COEXISTÊNCIA TERÁ PAPEL-CHAVE
Claro que o regresso do castor implica desafios. A sua presença pode, por vezes, causar impactos em plantações ribeirinhas ou infraestruturas mal adaptadas à dinâmica natural dos rios. Contudo, as experiências noutros países europeus demonstram que a coexistência é possível e desejável, através de medidas simples e eficazes de mitigação. Informação, diálogo com comunidades locais e acompanhamento técnico são essenciais para garantir que o regresso desta espécie seja vivido como uma boa notícia – e não como um problema.
Na Suécia por exemplo, o castor foi reintroduzido no século passado e foram criados programas de compensação financeira a agricultores e proprietários florestais afetados por inundações provocadas por represas. Já na Alemanha, surgiram os Beaver Managers que conseguem mediar conflitos entre castores e atividades humanas, instalando dispositivos de controlo de níveis de água (ex. tubos nos diques para regular a altura da água sem destruir as barragens) e promovendo soluções de engenharia natural como barreiras protetoras junto a campos agrícolas e árvores valiosas, sendo práticas também adoptadas na Suíça. Até na França já vêm sendo realizadas várias campanhas de educação e sensibilização ambiental para a importância do castor, tendo-se produzido diverssos guias ilustrados sobre os benefícios dos castores e métodos para lidar com potenciais problemas.
Por esse mesmo motivo, a Rewilding Portugal sabendo desta aproximação ao território nacional, decidiu tornar pública essa descoberta e informou atempadamente e em detalhe as entidades competentes, pedindo preparação para esta chegada e um plano para antecipar possíveis conflitos com comunidades locais, agindo de forma preventiva e não reativa e criando desde logo condições para um regresso da espécie realizado de forma preparada e assente em coexistência positiva. Até à data, esse pedido acabou por não surtir qualquer efeito, não tendo sido realizado qualquer esforço oficial nesse sentido. A monitorização continuou, o castor está oficialmente de regresso, e ainda vamos a tempo de apoiar o seu regresso de forma planeada e em harmonia com o que já existe.
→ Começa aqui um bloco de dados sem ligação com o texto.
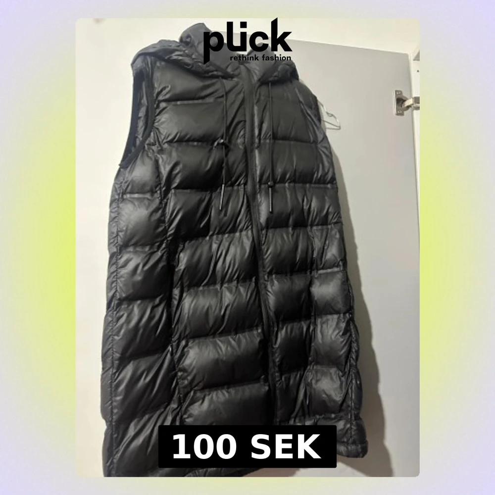 Säljer en svart lång dunväst med huva och dragsko. Västen har quiltad design, dragkedja framtill och är ärmlös. Perfekt för lager på lager och riktigt snygg till höst- och vinteroutfits.
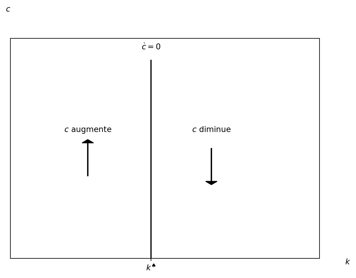 Nous observons que lorsque \(k > k^\spadesuit\), l’équation dynamique de \(c\) est négative, ce qui signifie que \(\dot{c} < 0\) et que la consommation diminue. Graphiquement:
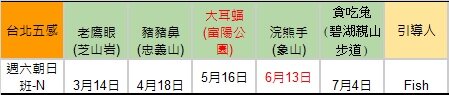 * 戶外課朝日班為上午10點,夕陽班為下午2點,紅字為夜間課,晚上6點上課。
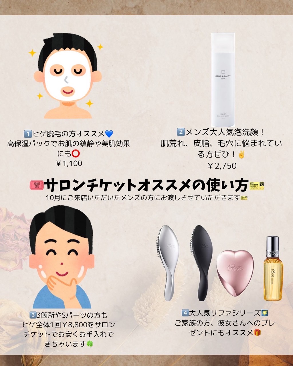 3️⃣ヒゲ脱毛3箇所コースor単発の方は、10月はヒゲ6箇所単発(¥8,800)をお得にお手入れできるチャンスです🉐
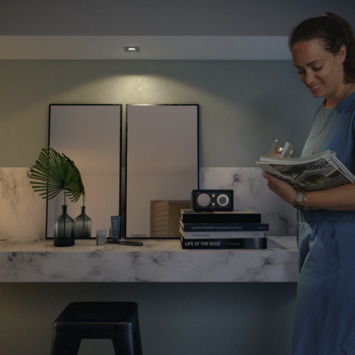 Kies met vloeiend dimmen de juiste helderheid, of jenjegeconcentreerd wilt werken of wilt ontspannen in uw vrije tijd. Met de geïntegreerde Philips Casement LED dimbare inbouwspot kunt jevoor elk moment van de dag het juiste licht instellen.
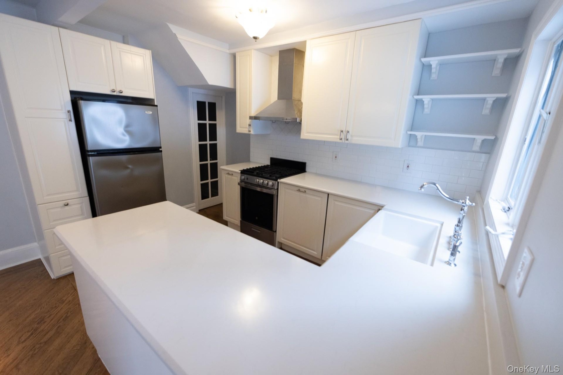 - Kitchen featuring backsplash, stainless steel appliances, a peninsula, wall chimney exhaust hood, and light countertops
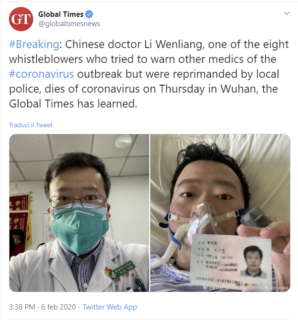 Pochi giorni fa per Li è arrivata la diagnosi di coronavirus, oggi la notizia del decesso del medico-eroe che aveva cercato di metter in guardia sulla minaccia del virus.

A Rewilding Portugal mostra-se novamente aberta a participar nesse processo.
Por esse mesmo motivo, o segundo congresso dedicado ao rewilding, que vai acontecer em outubro/novembro, na zona do Douro, terá uma grande parte dedicada ao regresso do castor e ao seu planeamento e coexistência preventiva. Procuramos liderar esta discussão de forma responsável, atempada e focada no diálogo construtivo e a antecipar potenciais problemas e desafios.
A chegada do castor a Portugal é um marco histórico e simbólico para a conservação da natureza no nosso país. Num contexto de crise climática e colapso da biodiversidade, é um sinal de esperança e de resiliência da vida selvagem. Mas é também um convite à ação: para proteger os habitats ribeirinhos, restaurar corredores ecológicos, e apoiar o regresso das espécies que fazem falta aos nossos ecossistemas.
Portugal tem agora uma oportunidade única de escrever um novo capítulo na sua relação com a natureza. O castor já cumpriu a sua parte e chegou ao nosso território. Cabe-nos a nós continuar.